Exercise goal:
Output the entries in full and verbatim, pictures omitted.

Entries supplied START

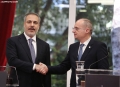 Minister for Europe and Foreign Affairs, Igli Hasani and Turkish Foreign Minister, Hakan Fidan after a press conference after an official reception of the Turkish minister in Tirana. Minister Hasani evaluated the advancement of Turkey-Albania relations, as he emphasized that there is potential between the two countries for a further intensification of economic relations and not only that.
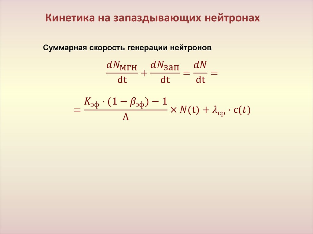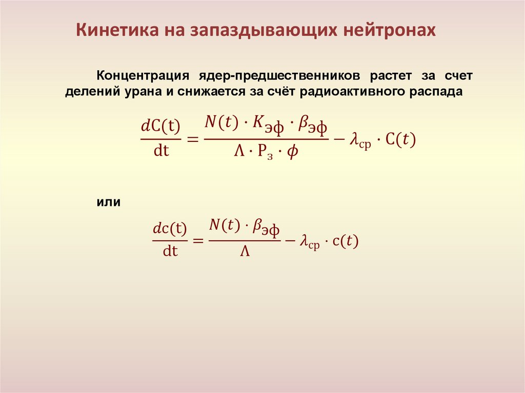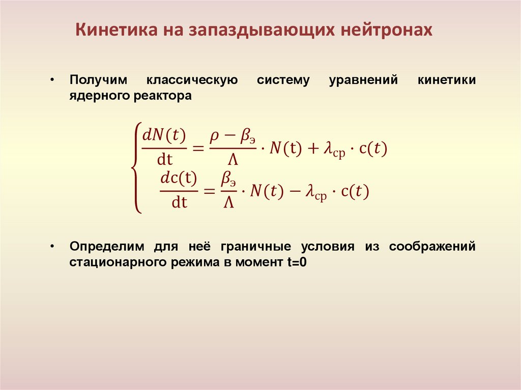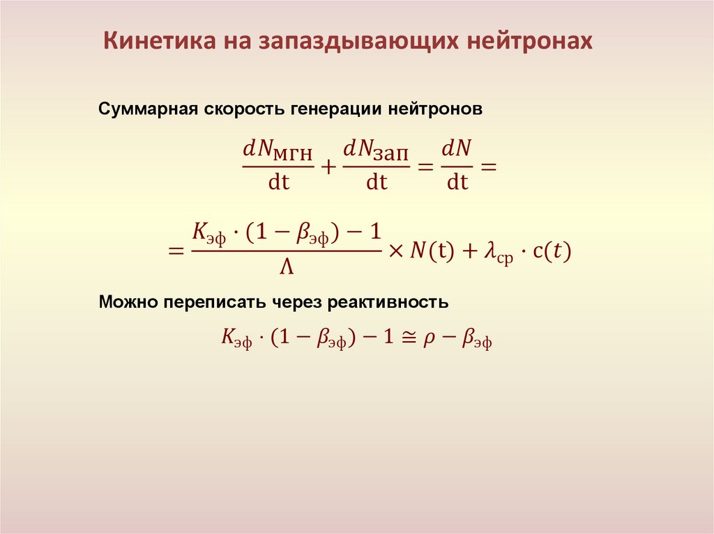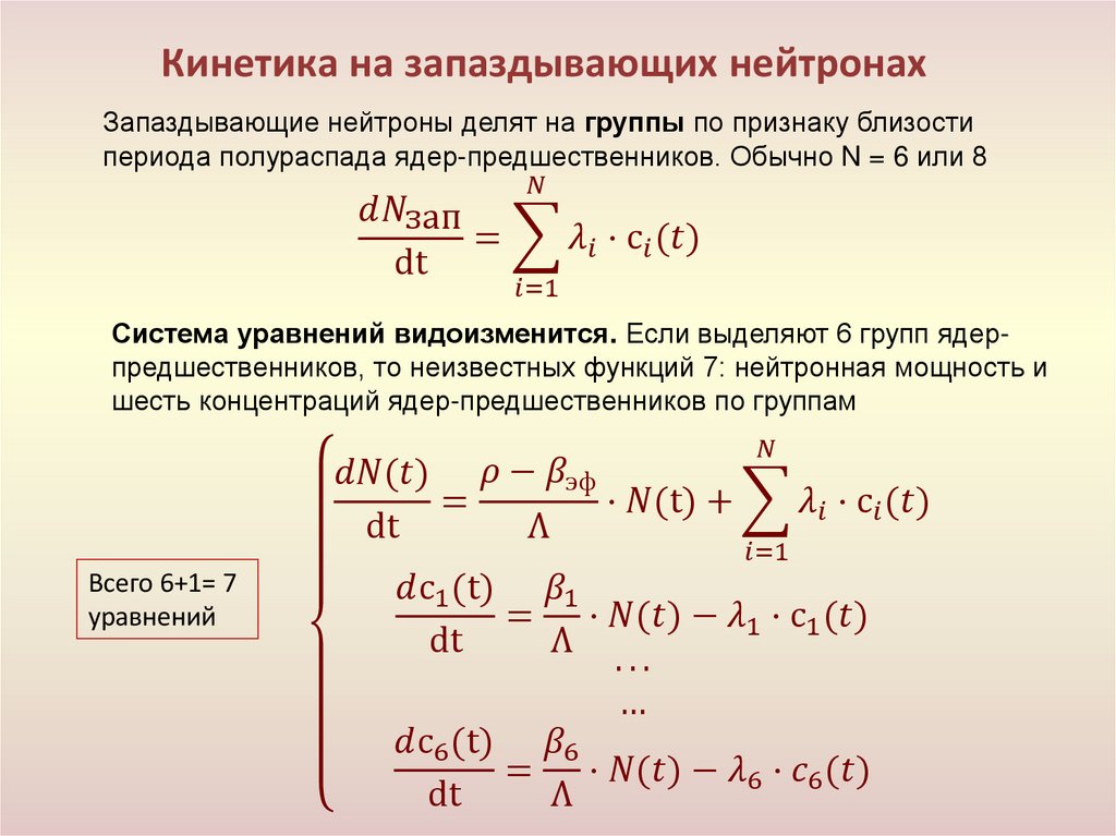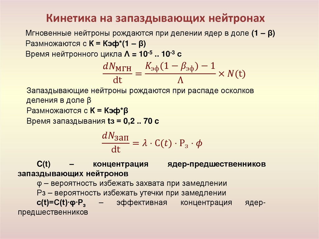 • Кинетика реактора с учётом запаздывающих
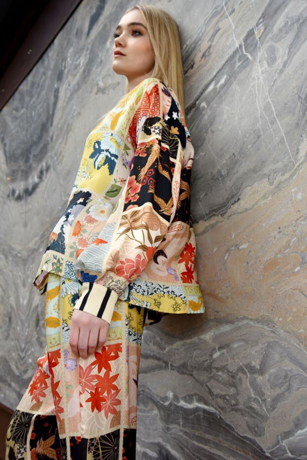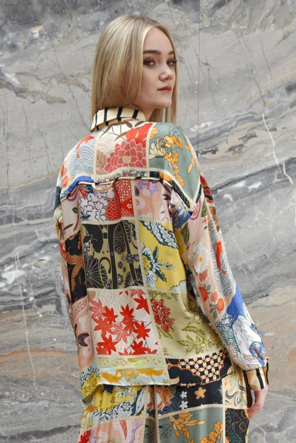 Breezy elegance defines the ‘Under the Sun’ Shirt, crafted in our 'In the Square Tonight' viscose satin. A button-through front and classic collar offer timeless structure, while drop shoulders and blouson sleeves bring relaxed, sculptural volume. Finished with a fixed cuff and button fastening, it’s a versatile piece that pairs effortlessly with skirts, pants, or layered looks.
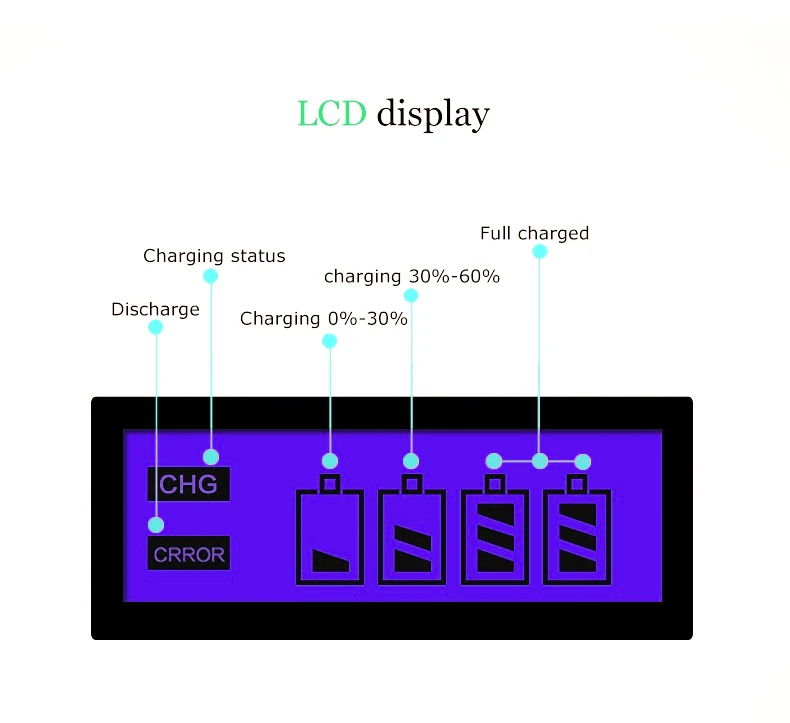 8. Automatic recognition function: unique algorithm to detect bad or defective battery, automatically detect non-chargeable or disposable battery and cease charging.
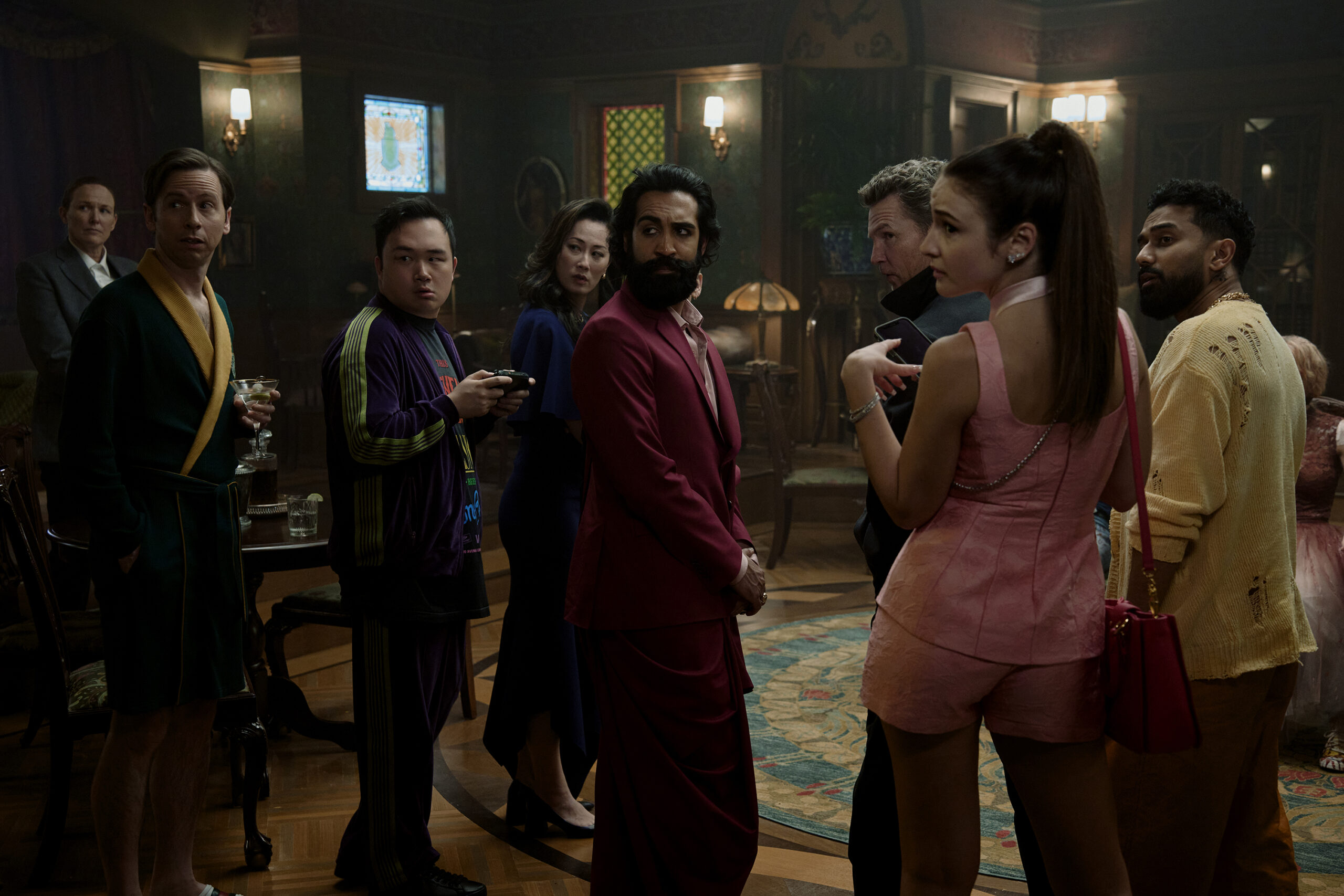 From L to R: Kara Wooten, Daniel Beirne, Antony Hall, Olivia Cheng, Nadeem Umar-Khitab, Shawn Hatosy, Maša Lizdek, and Varun Saranga in READY OR NOT 2: HERE I COME. Photo by Searchlight Pictures/Pief Weyman, Courtesy of Searchlight Pictures. © 2026 Searchlight Pictures. All Rights Reserved.
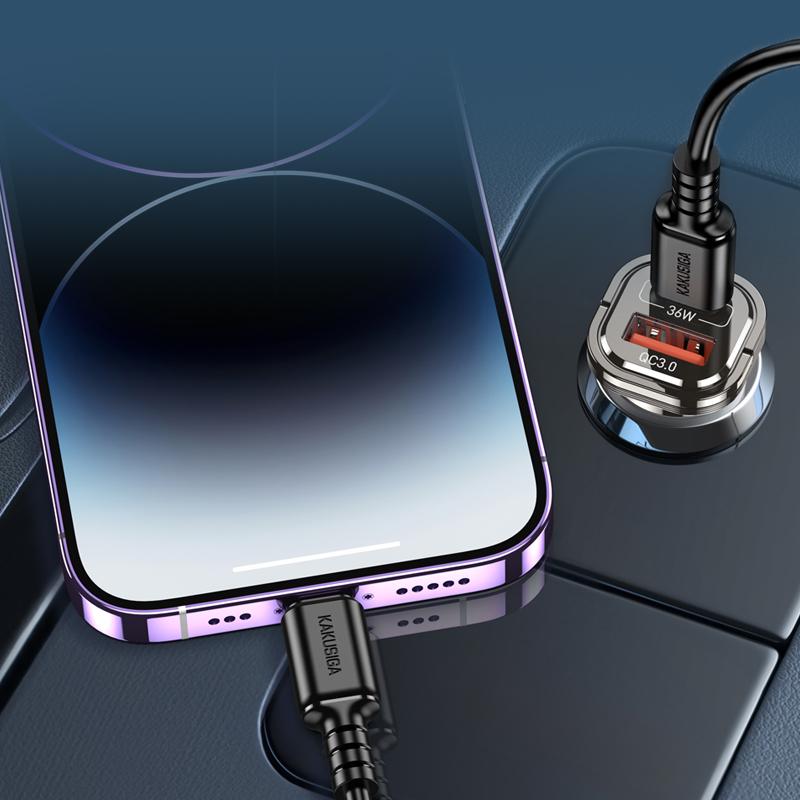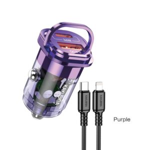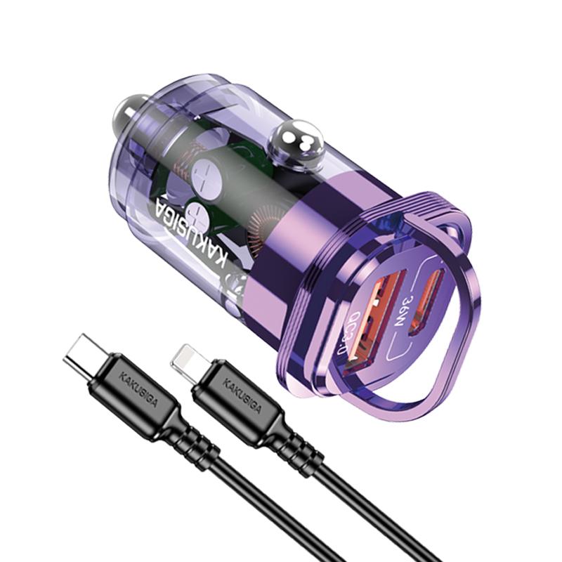 Kaku (KSC-1193) – Incarcator Auto + Cablu Lightning, 1m, PD36W, 1xUSB-C, 1xUSB-A, Purple

Entries supplied END

Response for this exercise:
 Minister for Europe and Foreign Affairs, Igli Hasani and Turkish Foreign Minister, Hakan Fidan after a press conference after an official reception of the Turkish minister in Tirana. Minister Hasani evaluated the advancement of Turkey-Albania relations, as he emphasized that there is potential between the two countries for a further intensification of economic relations and not only that.
 • Кинетика реактора с учётом запаздывающих
 Breezy elegance defines the ‘Under the Sun’ Shirt, crafted in our 'In the Square Tonight' viscose satin. A button-through front and classic collar offer timeless structure, while drop shoulders and blouson sleeves bring relaxed, sculptural volume. Finished with a fixed cuff and button fastening, it’s a versatile piece that pairs effortlessly with skirts, pants, or layered looks.
 8. Automatic recognition function: unique algorithm to detect bad or defective battery, automatically detect non-chargeable or disposable battery and cease charging.
 From L to R: Kara Wooten, Daniel Beirne, Antony Hall, Olivia Cheng, Nadeem Umar-Khitab, Shawn Hatosy, Maša Lizdek, and Varun Saranga in READY OR NOT 2: HERE I COME. Photo by Searchlight Pictures/Pief Weyman, Courtesy of Searchlight Pictures. © 2026 Searchlight Pictures. All Rights Reserved.
 Kaku (KSC-1193) – Incarcator Auto + Cablu Lightning, 1m, PD36W, 1xUSB-C, 1xUSB-A, Purple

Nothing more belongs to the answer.